Vagué un par de horas por las calles malditas de la ciudad antes de volver al hotel. Cuando crucé el vestíbulo, el recepcionista apenas levantó la vista del registro. Subí, dentro de la cápsula del ascensor, hasta la última planta y enfilé el pasillo desierto que terminaba ante la puerta de mi habitación. Pensé si Candela me creería si le decía que había dejado escapar a Sanabria; que, a estas alturas, nuestro viejo amigo navegaba en un crucero hacia un destino seguro. Quizá, como siempre, una mentira sería lo que se parecería más a la verdad. Abrí la puerta de la habitación sin encender la luz. Candela aún estaba acostada sobre las sábanas, la primera bocanada del amanecer encendido en su cuerpo desnudo. Me senté en una de las esquinas de la cama y recorrí su espalda con la yema de los dedos. Estaba fría como la escarcha. Fue entonces que me di cuenta de que lo que me había parecido la sombra de su cuerpo era un clavel de sangre que se extendía por la cama. Me giré lentamente y vi el cañón del revólver que me apuntaba al rostro desde la penumbra. Las gafas oscuras del mensajero relucían en aquel rostro empapado de sudor. Sonreía.

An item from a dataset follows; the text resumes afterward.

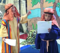 Camera, Action - Gospel of Mark." First, we tell the story to the kids, then we select volunteers to do the parts, pass out skits and they go off and get into costumes, while the other children come to tables where we have a coloring and activity pages and a snack. When the kids are all costumed up we move back to the chairs to watch the skit. Then we end with the discussion questions. Sometimes we have a contest, usually boys against girls, to answer both the review questions and then other basic bible trivia questions. We didn't ever get to doing the videotaping of the skits and watching them, but maybe another year. We were blessed to have several painted backdrops from plays done in the past. This gave us a defined area that we do the teaching & the skits. It is such a blessing to see how God pulled all these things together for His good purposes. Thank you for making these skits available at such a reasonable price!"

—El señor ministro le agradece profundamente su inestimable colaboración.
—Pero no se fía de mi silencio.
—Son tiempos difíciles. La patria nos exige grandes sacrificios, amigo mío.
Cubrí el cuerpo de Candela con la sábana manchada por su sangre.

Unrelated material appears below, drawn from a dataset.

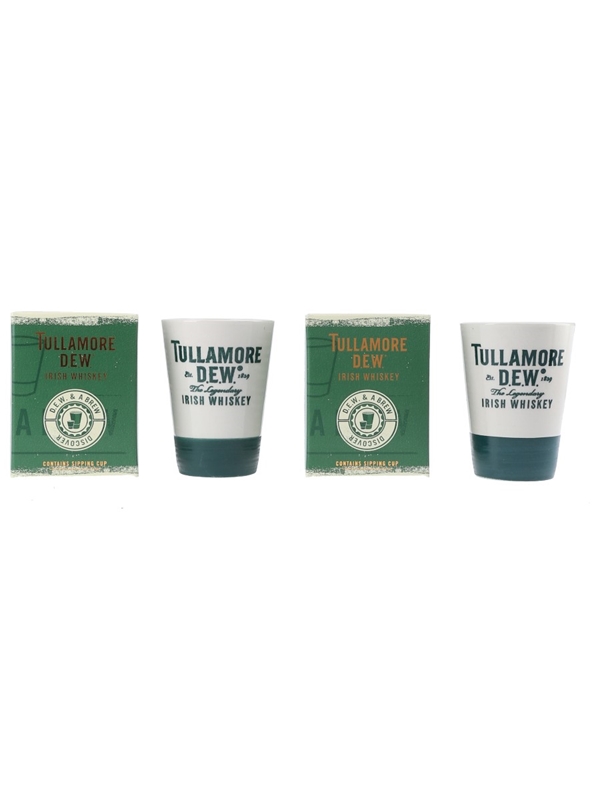 A pair of Tullamore D.E.W. ceramic sipping cups, made to enjoy a Dew & A Brew.

—No me ha dicho nunca su nombre —dije, mientras le daba la espalda.
—Jorge —respondió el mensajero.
Me di la vuelta de golpe, la hoja del cuchillo de matador fue sólo una gota de luz en mis dedos. El corte lo destripó a la altura de la boca del estómago. El primer disparo de su revólver me atravesó la mano izquierda. El segundo se estrelló contra el capitel de una de las barras de la cama y lo pulverizó en una avalancha de astillas humeantes. En aquel instante, la hoja del cuchillo que Sanabria tanto amaba ya le había cortado el cuello al mensajero, que yacía en el suelo, ahogándose con su propia sangre, mientras sus manos enguantadas intentaban desesperadamente mantener la cabeza unida al tronco. Extraje el revólver y se lo metí en la boca.
—Yo no tengo amigos.
Aquella misma noche tomé el tren para volver a Madrid. Todavía me sangraba la mano. El dolor era una astilla de fuego clavada en la memoria. Aparte de esto, sin embargo, cualquiera habría pensado que yo era sólo otro hombre gris, entre la legión de hombres grises que colgaban de hilos invisibles sobre el decorado de un presente robado. Recluido en mi apartamento, con el revólver en la mano y la mirada perdida en la ventana, contemplé aquella inacabable noche oscura que se abría como un abismo sobre la tierra ensangrentada de todo el país. La rabia de Sanabria sería la mía, y la piel de Candela, mi luz. La herida que me agujereaba la mano no dejaría de sangrar nunca. Al amanecer, cuando divisé la llanura infinita de Madrid, esbocé una sonrisa. Al cabo de unos minutos, mis pasos se perderían en el laberinto de la ciudad, insondables. Como siempre, mi mentor me había enseñado el camino, incluso a través de su ausencia. Sabía que, con toda seguridad, los diarios no hablarían de mí, que los libros de historia enterrarían mi nombre entre proclamas y quimeras. Tanto daba. Cada día que pasara, los hombres de gris seríamos más numerosos. Estaríamos de pronto junto a usted, en un café o en el autobús, leyendo un periódico o una revista. La noche más larga de la historia apenas ha comenzado.